## Your task
Give the data again word for word; drop the pictures.
Top of Given data
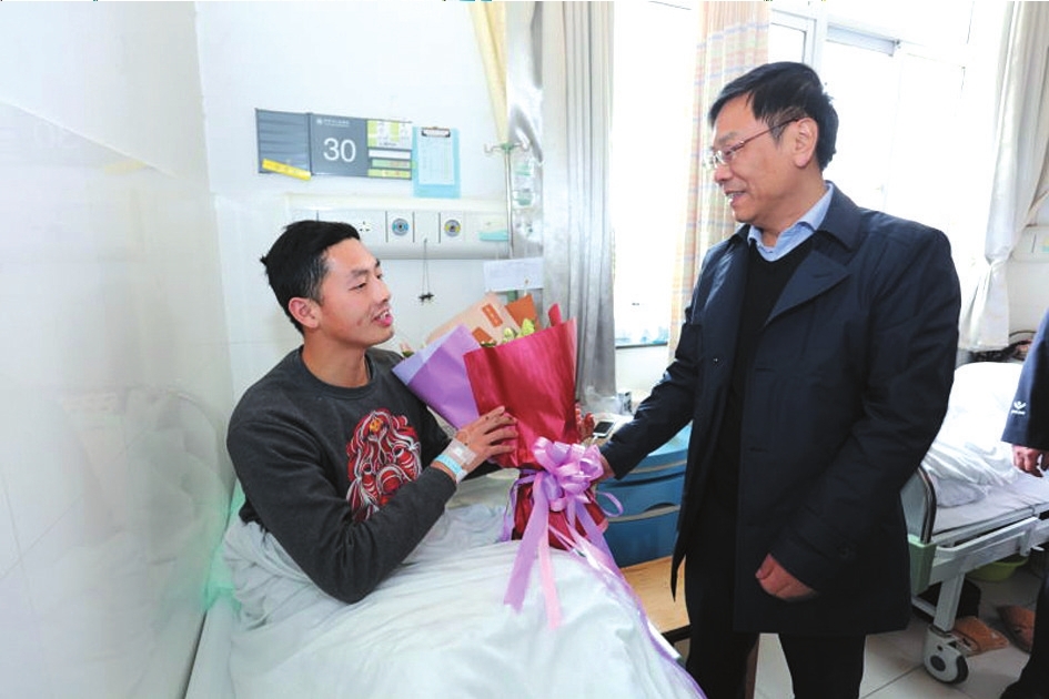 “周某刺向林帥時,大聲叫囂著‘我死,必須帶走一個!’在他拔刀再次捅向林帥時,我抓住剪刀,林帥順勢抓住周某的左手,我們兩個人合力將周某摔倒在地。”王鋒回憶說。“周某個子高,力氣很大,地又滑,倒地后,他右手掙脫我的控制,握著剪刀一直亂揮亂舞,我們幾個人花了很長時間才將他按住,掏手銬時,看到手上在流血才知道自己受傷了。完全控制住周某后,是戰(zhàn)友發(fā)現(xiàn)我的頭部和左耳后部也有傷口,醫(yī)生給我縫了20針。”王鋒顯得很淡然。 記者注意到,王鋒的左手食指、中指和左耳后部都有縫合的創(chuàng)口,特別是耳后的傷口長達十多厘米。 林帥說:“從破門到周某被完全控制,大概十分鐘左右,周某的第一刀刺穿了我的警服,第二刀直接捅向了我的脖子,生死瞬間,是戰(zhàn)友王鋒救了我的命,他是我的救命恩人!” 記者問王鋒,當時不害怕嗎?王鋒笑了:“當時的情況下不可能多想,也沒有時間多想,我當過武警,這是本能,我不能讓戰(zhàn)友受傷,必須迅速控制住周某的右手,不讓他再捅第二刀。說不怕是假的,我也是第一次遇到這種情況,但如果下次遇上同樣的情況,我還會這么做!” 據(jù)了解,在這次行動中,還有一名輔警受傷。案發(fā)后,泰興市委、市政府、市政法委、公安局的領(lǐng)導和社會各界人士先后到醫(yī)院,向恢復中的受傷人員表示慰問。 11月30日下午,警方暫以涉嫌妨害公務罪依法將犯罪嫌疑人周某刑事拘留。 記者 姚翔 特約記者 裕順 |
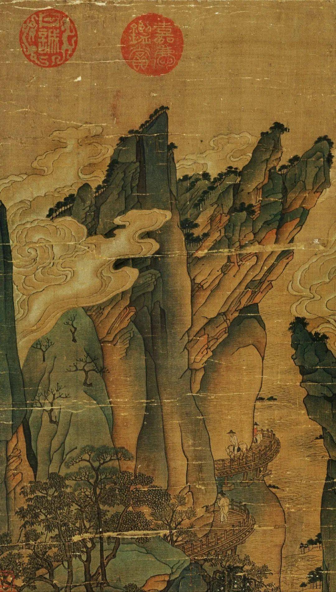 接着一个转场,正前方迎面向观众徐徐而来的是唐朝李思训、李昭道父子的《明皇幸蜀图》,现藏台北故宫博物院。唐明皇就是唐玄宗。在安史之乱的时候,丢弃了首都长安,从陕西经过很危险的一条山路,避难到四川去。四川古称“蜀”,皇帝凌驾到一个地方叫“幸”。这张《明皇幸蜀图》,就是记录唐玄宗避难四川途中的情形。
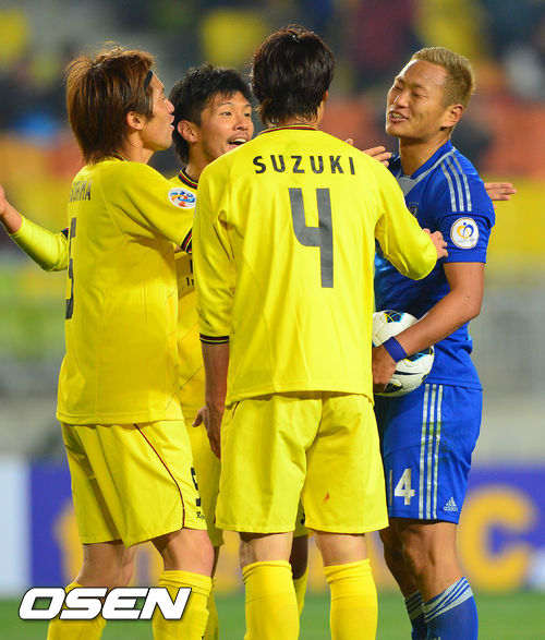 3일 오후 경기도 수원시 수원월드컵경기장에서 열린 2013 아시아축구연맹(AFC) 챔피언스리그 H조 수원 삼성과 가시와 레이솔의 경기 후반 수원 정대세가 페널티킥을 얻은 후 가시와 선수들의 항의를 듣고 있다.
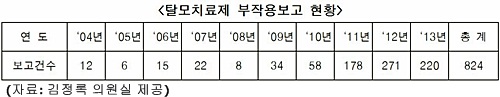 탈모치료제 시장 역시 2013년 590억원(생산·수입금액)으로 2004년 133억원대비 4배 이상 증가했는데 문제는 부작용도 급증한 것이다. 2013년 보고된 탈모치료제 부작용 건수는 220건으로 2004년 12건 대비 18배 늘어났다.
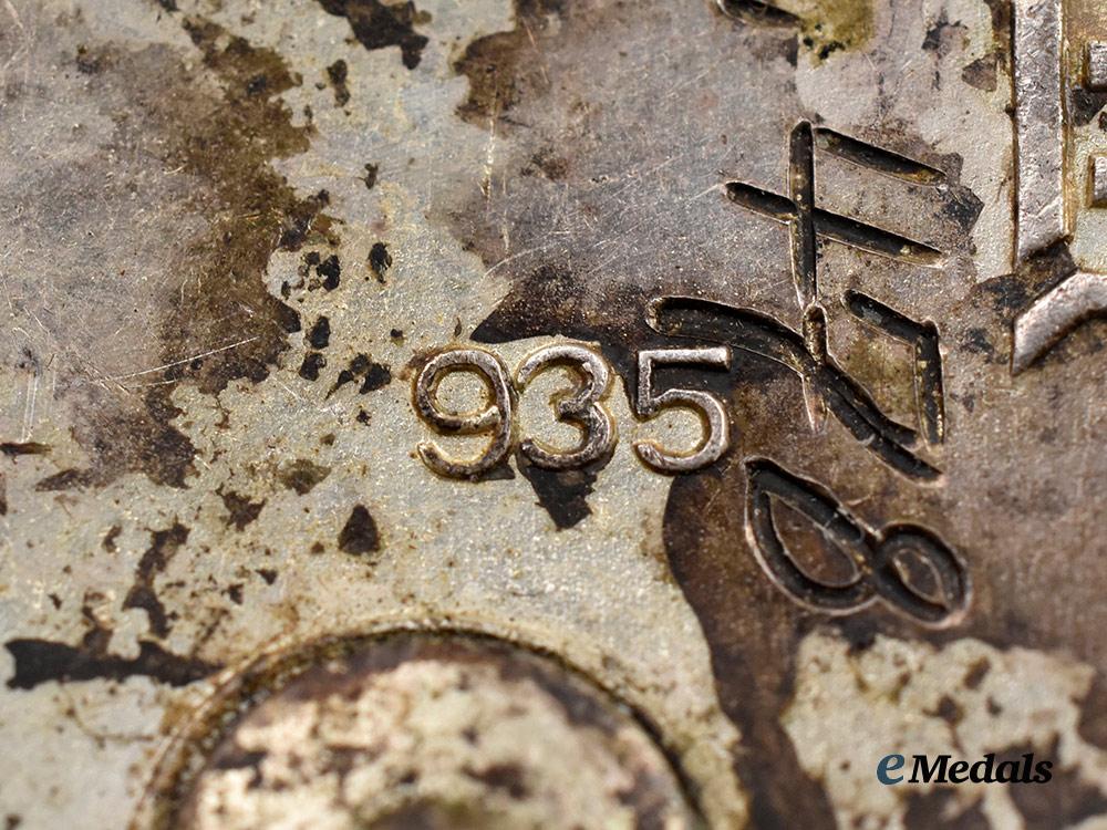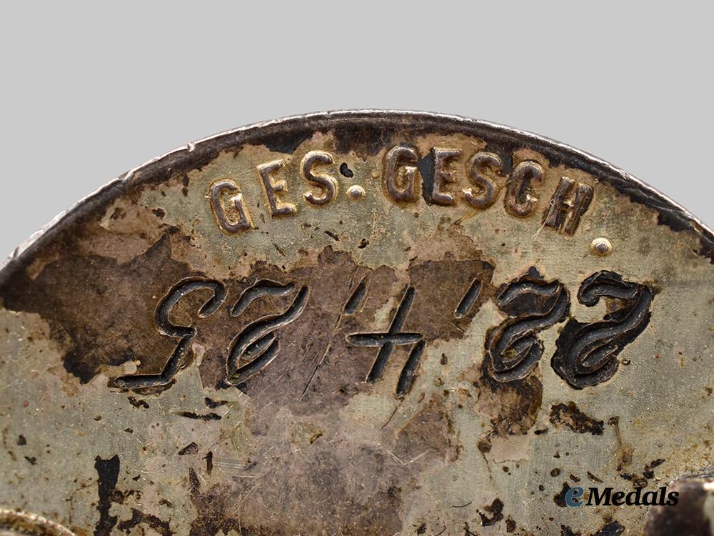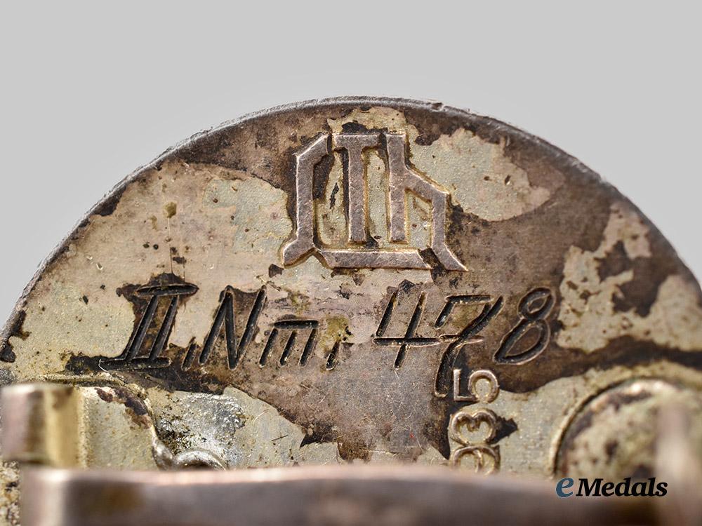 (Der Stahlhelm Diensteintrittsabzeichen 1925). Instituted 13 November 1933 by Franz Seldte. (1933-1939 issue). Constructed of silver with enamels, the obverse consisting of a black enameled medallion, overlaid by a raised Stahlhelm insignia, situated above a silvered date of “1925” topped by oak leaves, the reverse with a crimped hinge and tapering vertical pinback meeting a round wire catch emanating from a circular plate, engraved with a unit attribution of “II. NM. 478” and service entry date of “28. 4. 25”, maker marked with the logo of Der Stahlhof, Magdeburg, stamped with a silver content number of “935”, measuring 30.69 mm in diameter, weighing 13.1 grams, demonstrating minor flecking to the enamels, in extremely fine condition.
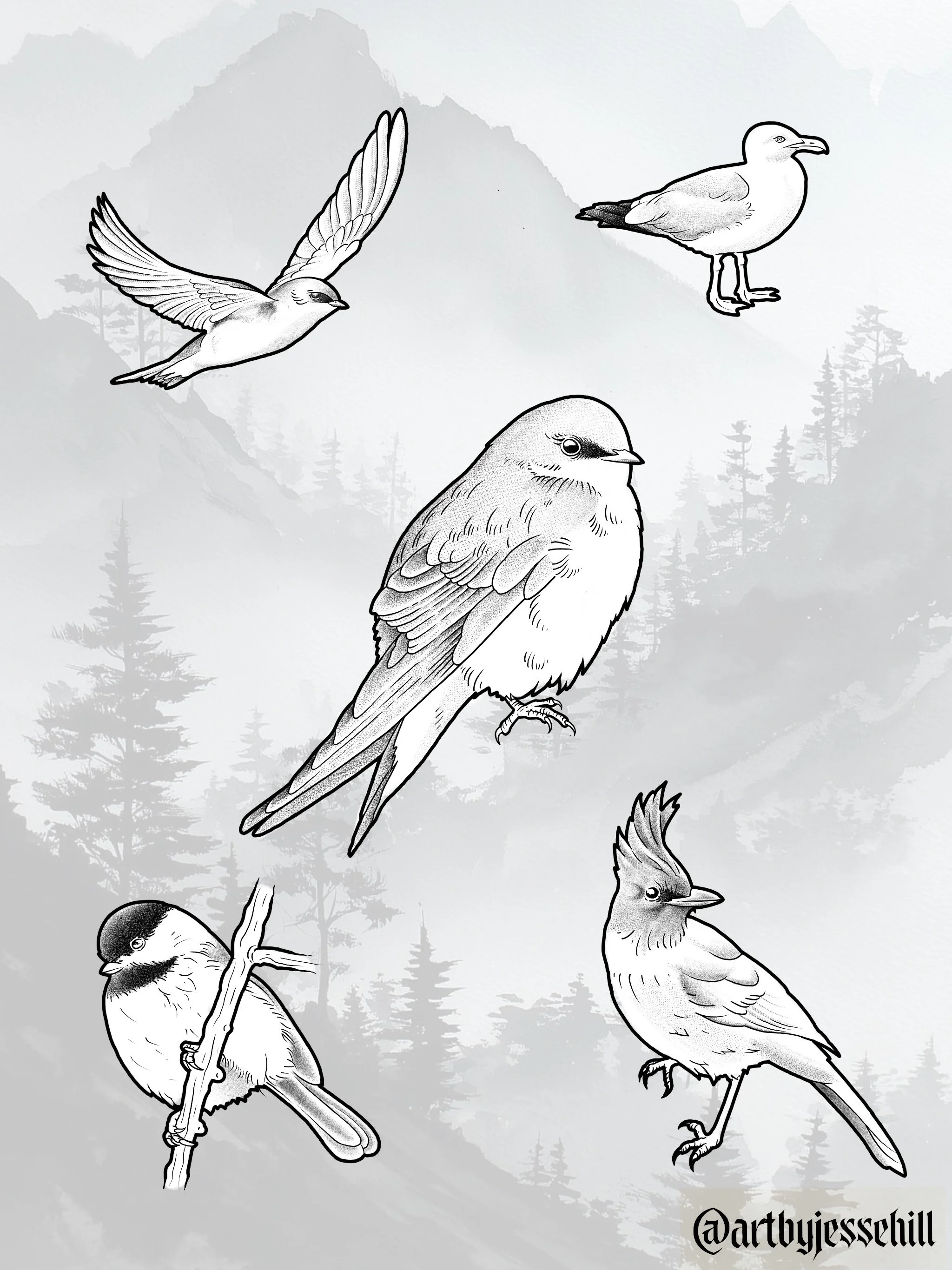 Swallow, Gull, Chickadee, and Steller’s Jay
Bottom of Given data
## Exercise response
 “周某刺向林帥時,大聲叫囂著‘我死,必須帶走一個!’在他拔刀再次捅向林帥時,我抓住剪刀,林帥順勢抓住周某的左手,我們兩個人合力將周某摔倒在地。”王鋒回憶說。“周某個子高,力氣很大,地又滑,倒地后,他右手掙脫我的控制,握著剪刀一直亂揮亂舞,我們幾個人花了很長時間才將他按住,掏手銬時,看到手上在流血才知道自己受傷了。完全控制住周某后,是戰(zhàn)友發(fā)現(xiàn)我的頭部和左耳后部也有傷口,醫(yī)生給我縫了20針。”王鋒顯得很淡然。 記者注意到,王鋒的左手食指、中指和左耳后部都有縫合的創(chuàng)口,特別是耳后的傷口長達十多厘米。 林帥說:“從破門到周某被完全控制,大概十分鐘左右,周某的第一刀刺穿了我的警服,第二刀直接捅向了我的脖子,生死瞬間,是戰(zhàn)友王鋒救了我的命,他是我的救命恩人!” 記者問王鋒,當時不害怕嗎?王鋒笑了:“當時的情況下不可能多想,也沒有時間多想,我當過武警,這是本能,我不能讓戰(zhàn)友受傷,必須迅速控制住周某的右手,不讓他再捅第二刀。說不怕是假的,我也是第一次遇到這種情況,但如果下次遇上同樣的情況,我還會這么做!” 據(jù)了解,在這次行動中,還有一名輔警受傷。案發(fā)后,泰興市委、市政府、市政法委、公安局的領(lǐng)導和社會各界人士先后到醫(yī)院,向恢復中的受傷人員表示慰問。 11月30日下午,警方暫以涉嫌妨害公務罪依法將犯罪嫌疑人周某刑事拘留。 記者 姚翔 特約記者 裕順 |
 接着一个转场,正前方迎面向观众徐徐而来的是唐朝李思训、李昭道父子的《明皇幸蜀图》,现藏台北故宫博物院。唐明皇就是唐玄宗。在安史之乱的时候,丢弃了首都长安,从陕西经过很危险的一条山路,避难到四川去。四川古称“蜀”,皇帝凌驾到一个地方叫“幸”。这张《明皇幸蜀图》,就是记录唐玄宗避难四川途中的情形。
 3일 오후 경기도 수원시 수원월드컵경기장에서 열린 2013 아시아축구연맹(AFC) 챔피언스리그 H조 수원 삼성과 가시와 레이솔의 경기 후반 수원 정대세가 페널티킥을 얻은 후 가시와 선수들의 항의를 듣고 있다.
 탈모치료제 시장 역시 2013년 590억원(생산·수입금액)으로 2004년 133억원대비 4배 이상 증가했는데 문제는 부작용도 급증한 것이다. 2013년 보고된 탈모치료제 부작용 건수는 220건으로 2004년 12건 대비 18배 늘어났다.
 (Der Stahlhelm Diensteintrittsabzeichen 1925). Instituted 13 November 1933 by Franz Seldte. (1933-1939 issue). Constructed of silver with enamels, the obverse consisting of a black enameled medallion, overlaid by a raised Stahlhelm insignia, situated above a silvered date of “1925” topped by oak leaves, the reverse with a crimped hinge and tapering vertical pinback meeting a round wire catch emanating from a circular plate, engraved with a unit attribution of “II. NM. 478” and service entry date of “28. 4. 25”, maker marked with the logo of Der Stahlhof, Magdeburg, stamped with a silver content number of “935”, measuring 30.69 mm in diameter, weighing 13.1 grams, demonstrating minor flecking to the enamels, in extremely fine condition.
 Swallow, Gull, Chickadee, and Steller’s Jay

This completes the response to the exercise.